Seguia o rei numa carroça de gado,

inteiramente fechada, escasso o ar,

de um castelo para outro poderoso;

pobre Ricardo, assim agrilhoado,

como mais tarde chegou mesmo a afirmar,

com tais correntes de peso tenebroso,

que nem jumento as poderia carregar

e nem cavalo as poderia rebentar!...

 

E desde então Blondel o procurara;

na Itália vendera a sua armadura

e seu inteiro equipamento militar;

as ricas roupas por comuns trocara,

nos castelos entoando com voz pura,

podendo seu pouco dinheiro conservar,

aos calabouços chegando de algum jeito,

para ver quem se achasse ali sujeito...

 

O FIEL TROVADOR VII

 

Uma canção que compusera com Ricardo

e que os dois apenas conheciam,

ele entoava, sem o menor sucesso...

Enquanto assim se esforçava o pobre bardo,

na Inglaterra ao resgate concorriam

pobres e ricos, com algum ingresso,

porém o irmão confiscava o que podia

e a vasta soma nunca se atingia!

 

E ali gemia Riccard le Quor de Lion,

como o chamavam na Occitana língua antiga

ou Coeur de Lion no vernáculo francês;

Richard Lionheart ou em lusitano tom

Ricardo Coração de Leão, em voz amiga,

durante séculos louvado por sua vez,

pois realmente foi guerreiro e foi valente,

tal apelido merecido certamente...

 

E ainda pensava em seu bom companheiro...

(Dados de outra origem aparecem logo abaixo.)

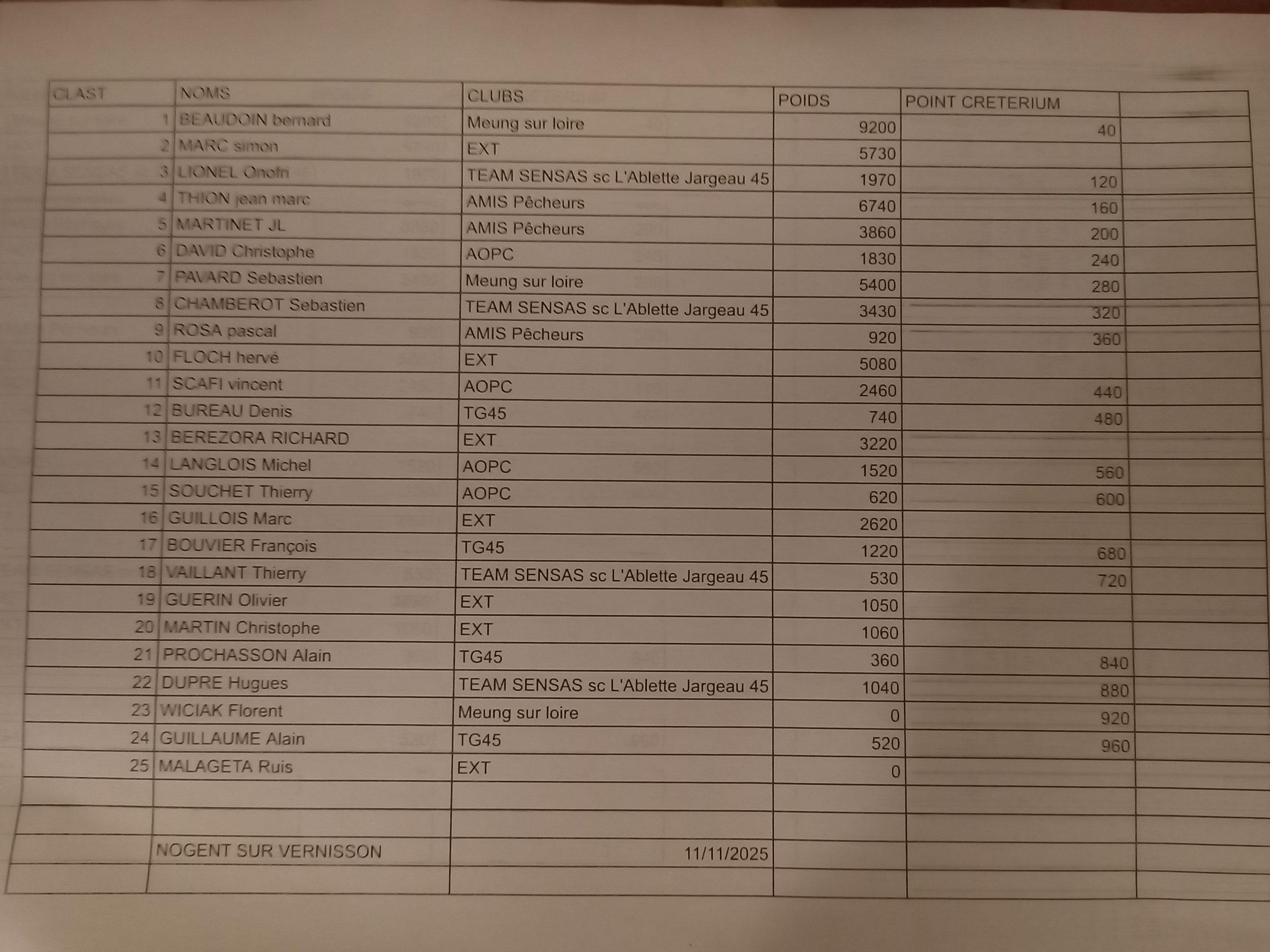 Voici les résultats du concours du 11 novembre.

Seu alaúde lhe permitiram conservar,

no qual tocava, para afinar seu tom

e assim compunha, mesmo em cativeiro,

novas canções de engenho singular;

guardaram letras, mas perdeu-se o som,

como esta, em versão de um lusitano,

no alexandrino e ritmado afano:

 

“Sabei vós, ingleses, de Anjou e de Turenna,

por meu saber de que tendes peito bravo,

que pena agora me conserva a ser escravo

a quem apenas servirão trabalho e pena;

eis-me aqui, sem consolo a mim deixado,

neste castelo em que me têm cativo;

em tédio e tristeza o tempo inteiro vivo,

nionguém sabe como e onde sepultado!” (*)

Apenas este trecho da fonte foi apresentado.